In the old capitalism of Karl Marx\’s time, there was no universal suffrage, no income tax or inheritance tax, no safety nets for the sick or unemployed. In that sort of capitalism, little children seven to ten years old pulled coal-carts through dark mines, people worked twelve hours a day six days a week, illiteracy and lack of infrastructure deprived people of any chance to rise by seizing new opportunities.
That variety of capitalism was both inefficient and heartless, and was doomed to die. But it was doomed not by the inevitability of revolution but by the refusal of democracy to live with its inefficiency and heartlessness. When Marx write his Manifesto of the Communist Party, only propertied Englishmen were allowed to vote, and Marx believed propertied legislators would keep it that way because they were tied to their narrow class interest. Yet the propertied voted to give the non-propertied the vote. Marx was wrong: Human beings can and do think beyond their narrow class interest.
In many leading countries, democracy and capitalism developed side by side, reinforcing one another. Democracy brought about political competition, with different parties vying for the attention of voters. Capitalism brought about economic competition, with companies vying for the attention of consumers. Both democracy and capitalism had many flaws, were often perverted by vested interests. Yet the very existence of competition and free thinking ensured that every time the flaws were constantly exposed and criticised, with competitors clamouring that they could do better.
Political parties and corporations that failed to meet public needs lost out to others who did. No corporation or party, not matter how rich or well-reputed, could regard itself as safe from competition, and had to constantly evolve with the times or face extinction. This, then, is why both capitalism and democracy are here to stay, despite troubled interludes. They are not fixed systems, they are evolutionary systems capable of self-healing. By their very nature they encourage dissent, the challenging of conventional, wisdom, the blowing of whistles. Both democracy and capitalism have many flaws. Their strength lies in the fact that the know they will always be imperfect, and so invite critics to constantly voice grievances and suggest improvements.
Today\’s capitalism, which defeated communism, bears little resemblance to the capitalism Karl Marx wrote about. What we have today is welfare capitalism, devoting a large proportion of GNP to education, health, and safety nets. Layfolk talk glibly about free markets in capitalist countries, but these are actually markets constrained by a huge number of regulations and enforcement agencies to ensure competition, health and environmental standards, and much else.
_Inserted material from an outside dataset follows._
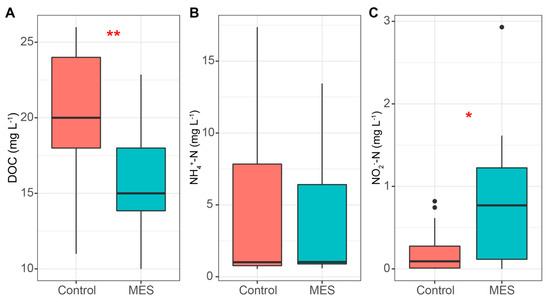 DOC (A), NH4+ (B), and NO2‾ (C) concentrations in the MES and control reactors. Median, min/max, 25% and 75% quartile values are presented. The asterisks denote statistically significant differences between the MES and control reactors * p < 0.05; ** p < 0.01.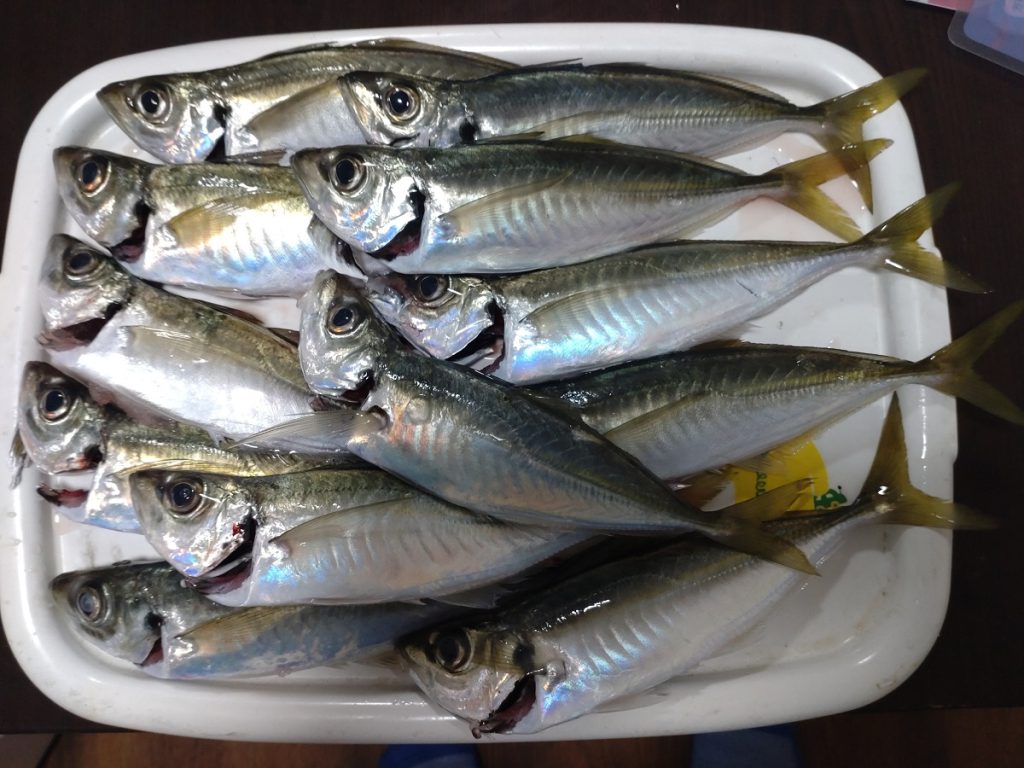アングル彦島店の情報で、ナイターのアジングで好釣果が出ていたので、岬之町で竿出しです。マキエをするとサバ、イワシの群れが回ってきました。本命のアジは若干深めの棚で1本半から1.75本を狙うと型の良いアジが釣れました。

The production of hamburgers in the supposedly free market of the USA requires adherence to over 80 rules and regulations (relating mainly to health standards).
In response to complaints in the economic and political marketplaces, old regulations are constantly abolished as misconceived, but new regulations are also constantly made to meet new felt needs (like checking gender discrimination and environmental degradation). The currency crisis has raised many questions about the capitalist system, to which nobody has good answers today.
Many countries and companies are going bust, and a global recession may soon engulf us. Never mind. In capitalism, recessions and bankruptcies are not aberrations, they are signals telling you something is wrong and needs rectification. They do not sound the death-knell of capitalism, they merely ring an alarm to signify it is time capitalism re-engineered itself once again.